Our leadership in sustainably producing the materials is undeniable, but there are other major reasons beyond climate change for Canada to increase its production of critical minerals. One reason revolves around the increasing geopolitical uncertainty that has magnified the precariousness of existing sources of critical minerals, which are vital in telecommunications, health care, computing and clean technologies.

Recently, governments across the globe have started assessing the vulnerability of their respective economies to supply shocks for critical minerals: minerals and metals that they cannot source in sufficient volume, or at all, from within their borders, but on which the proper functioning of their economies are dependent.

Elevated security-of-supply concerns have caused Canada’s allies, including the U.S., Europe and Japan, to re-evaluate and take action to reduce their exposure to the risk of supply shocks that can have major impacts on their broader economies. They are looking to Canada to be a reliable, responsible and trusted source in an increasingly uncertain world.

The global pandemic has brought the security-of-supply vulnerabilities into sharp focus for many countries, including Canada, and combined these trends have accelerated the desire of Canadians to source and produce locally, with greater self-reliance. By providing support specifically for mining electrification, clearer and more effective permitting processes and incentives for the discovery of new critical mineral and metal deposits, Canada would clearly signal to the world that it is committed to being a global leader in this space.

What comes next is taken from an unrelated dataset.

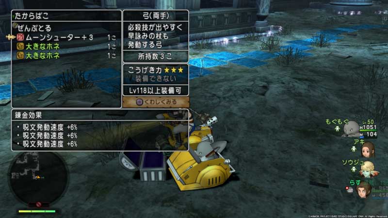 通常装備がブーメラン(ステラトルネード呪速)で裏に弓(ムーンシューター呪速)。

Achieving success for Canada in the critical minerals space has multi-level, multi-partisan support. Last spring, the federal government announced its official critical minerals list and the governments of Quebec, Saskatchewan and Ontario are all moving forward in supporting critical mineral projects. With Manitoba producing 37 per cent of Canada’s zinc and significant amounts of nickel and copper, the province is well placed to also play a leading role in providing the materials needed for a greener future.

There is no question the global climate will benefit from goods and technologies produced with low-carbon Canadian materials. Whether for domestic or international production — and ideally both — one of the greatest climate actions Canada can take in support of Paris Accord objectives is to maximize domestic production of low-carbon metals and materials needed to meet projected clean-technology demand.

It’s time for Canada to be ambitious and seize the moment. With our leadership in sustainable mining standards and with targeted government support, Canada’s mining industry can provide the responsibly sourced minerals vital to getting the world to net-zero.

Pierre Gratton is president and CEO of the Mining Association of Canada.